Dona Cidica
O "Véio" Machado era vivo ainda, quando aconteceu esse fato. Foi mais ou menos em 1976. Na época o "Véio" Machado e mais uns amigos tinham um grupo de folia de reis. E quando chegava no começo do mês de dezembro eles se reuniam, ali na Vila Alpina, Zona Leste de São Paulo, e saiam durante todo o mês, em cantoria, pelas casas do bairro. Umas vinte pessoas integravam esse grupo. Tinha tambor, Violino, viola, cavaquinho e mais um monte de instrumentos. Havia também três palhaços que representavam, exatamente, os três reis magos.
Essa farra ia até o dia 06 de janeiro, dia de Reis, quando então, com o dinheiro arrecadado nas cantorias, realizavam a festa de santo rei, onde se juntavam quase todos os moradores da região, e a festa rolava a noite inteira.
Quanta saudade. A maioria das ruas nem eram asfaltadas ainda. Daquele pessoal todo, poucos ainda estão vivos, e hoje, restam apenas histórias, como essa que vou contar agora.
Esse caso se desenrolou em um sábado, quase duas horas da madrugada. A cantoria vinha descendo a Rua das Campânulas, próximo ao largo da Vila Alpina, numa farra danada, quando encontraram o Paulinho da Dona Cidica. O Paulinho quando bebia era chato pra caramba, e dependendo da hora e do estado em que ele chegava em casa a Dona Cidica não abria a porta nem ferrando. Ele ficava do lado de fora fazendo um banzé danado, até que se cansava e ai, então, acabava por dormir ali mesmo no quintal, num puxadinho perto do poço d'água.
E com certeza naquele sábado, já há àquelas horas, e mamado do jeito que estava, era mais do que certo que a Dona Cidica não iria lhe abrir a porta. Foi ai então que lhe ocorreu uma idéia brilhantíssima. Aproveitou o embalo da folia de reis que vinha descendo em direção a sua casa e convidou o pessoal para ir até lá fazer uma cantoria. O "Véio" Machado não gostou muito não. Ele já sabia muito bem como a Dona Cidica era.

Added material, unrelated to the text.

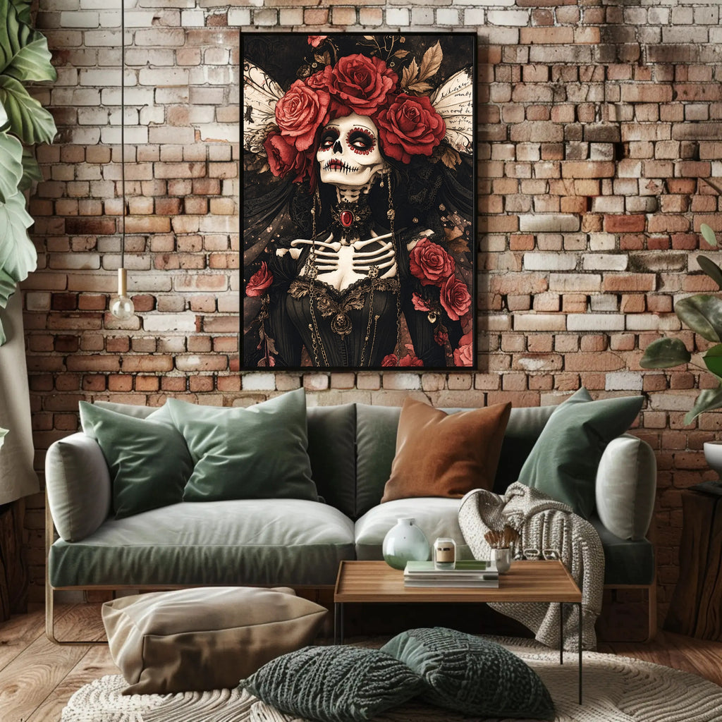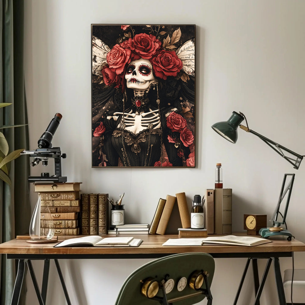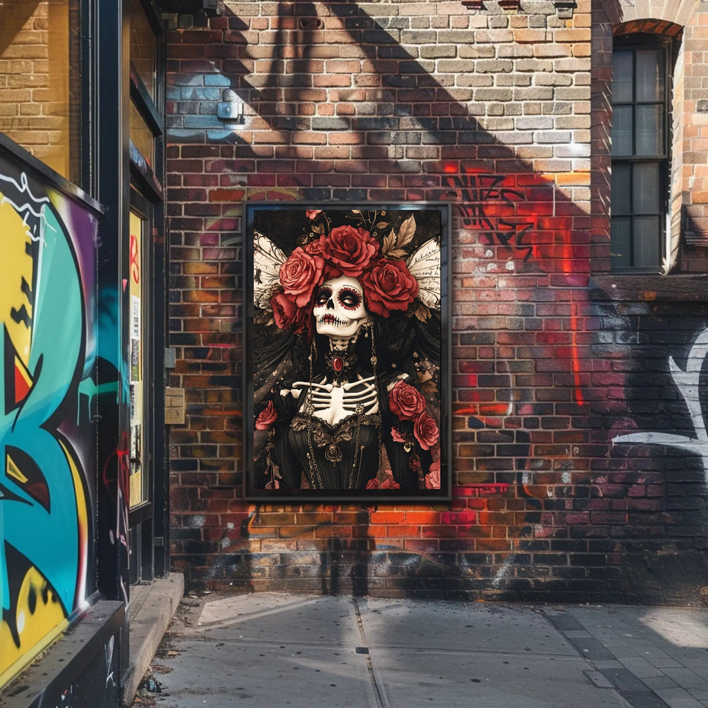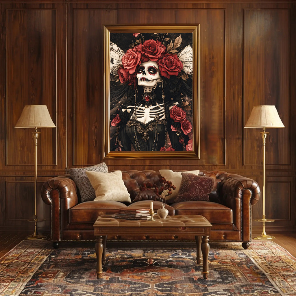 Why you'll love it: The artwork blends intricate linework and rich, moody tones to capture La Catrina's elegant spirit. Detailed skull makeup, a corseted silhouette, and a glowing ruby pendant create a focal point that draws the eye and sparks conversation. Perfect for decor lovers, Halloween enthusiasts, and collectors of pop art and scenic-inspired prints.

----Sê tem certeza que ela não vai acha ruim não?
----É claro que não! Inclusive ela mandou avisar que se o senhor não passar lá em casa, não precisa mais olhar na cara dela!

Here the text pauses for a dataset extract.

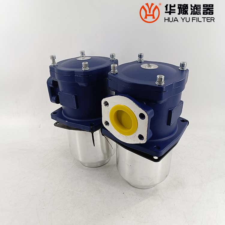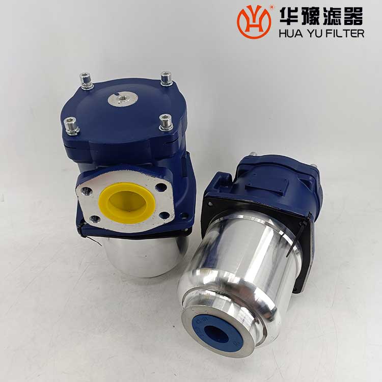 該過濾器的濾芯采用化纖過濾材質,具有過濾精度高,通油能力大,初始壓力損失小,納污量大等優(yōu)點,并裝有壓差發(fā)訊器及旁通閥。當濾芯堵塞到進出油口壓差為0.35MPa時,便發(fā)出開關信號,此時應更換濾芯。如果不能馬上停機或無人來更換濾芯,裝在濾芯上部的旁通閥會自動開啟,以保護系統(tǒng)。

Na verdade o Paulinho estava era tentando arrumar um pretexto pra poder entrar em casa. Mesmo ressabiados resolveram ir até lá. Já foram chegando numa barulheira danada. Tambor, cavaquinho e mais um monte de instrumentos. E a aquela altura do campeonato todo mundo já muito louco de cachaça, e a molecada acompanhando faziam uma zoeira que só faltava acabar com o mundo.
O Paulinho morava em um sobradinho, destes em que a janela da parte de cima é voltada pra a rua, encostado à calçada. Assim que chegaram deram início ao canto de apresentação, pedindo a Dona da Casa para abrir a porta. Não demorou muito e a Dona Cidica apareceu lá em cima na janela, toda assustada e descabelada, com cara de quem tinha acordado àquela hora e já foi soltando os cachorros.

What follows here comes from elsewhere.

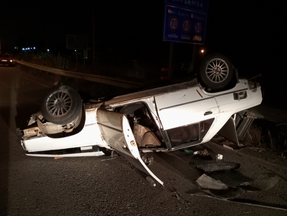 Samsun-Ordu kara yolu Beylerce mevkisinde “U” dönüşü yapmak isteyen Ercan K. idaresindeki HP EC 55 yabancı plakalı minibüs, Çarşamba istikametine seyreden Yunus Emre T. kontrolündeki 55 PB 204 plakalı otomobile çarptı.

----Que palhaçada é essa? Duas horas da manhã e vocês com esse barulhão aqui debaixo da minha janela! Cambada de vagabundo!
Gritou lá de cima, soltando fogo pelas ventas. O Paulinho tentou dialogar.
----Ôooo... Benzinho é a folia de reis! Abre a porta pra nós entrar!
----Vá pra puta que pariu você e a folia de reis! Seu pinguço!
O "Véio" Machado pegou a bandeira de Santo Reis que estava com um dos meninos e repreendeu a Dona Cidica.
----Dona Cidica, eu lhe peço que respeite a bandeira de Santo Reis!
----Vá-te fodê você também! Enfia essa bandeira no rabo, seu cachaceiro! Espera ai que eu vou chamar a polícia e mandar prender todo mundo! Vão fazer barulho na puta que os pariu, seus cu de pinga!
O pessoal vendo que a Dona Cidica não estava para brincadeira, largaram o Paulinho ali discutindo com ela e foram cantar para outras bandas. E o “Véio” Machado jurou de pés juntos:
----“ Nem adianta o Paulinho Chamá nóis de novo, por que lá nóis num vai mais!”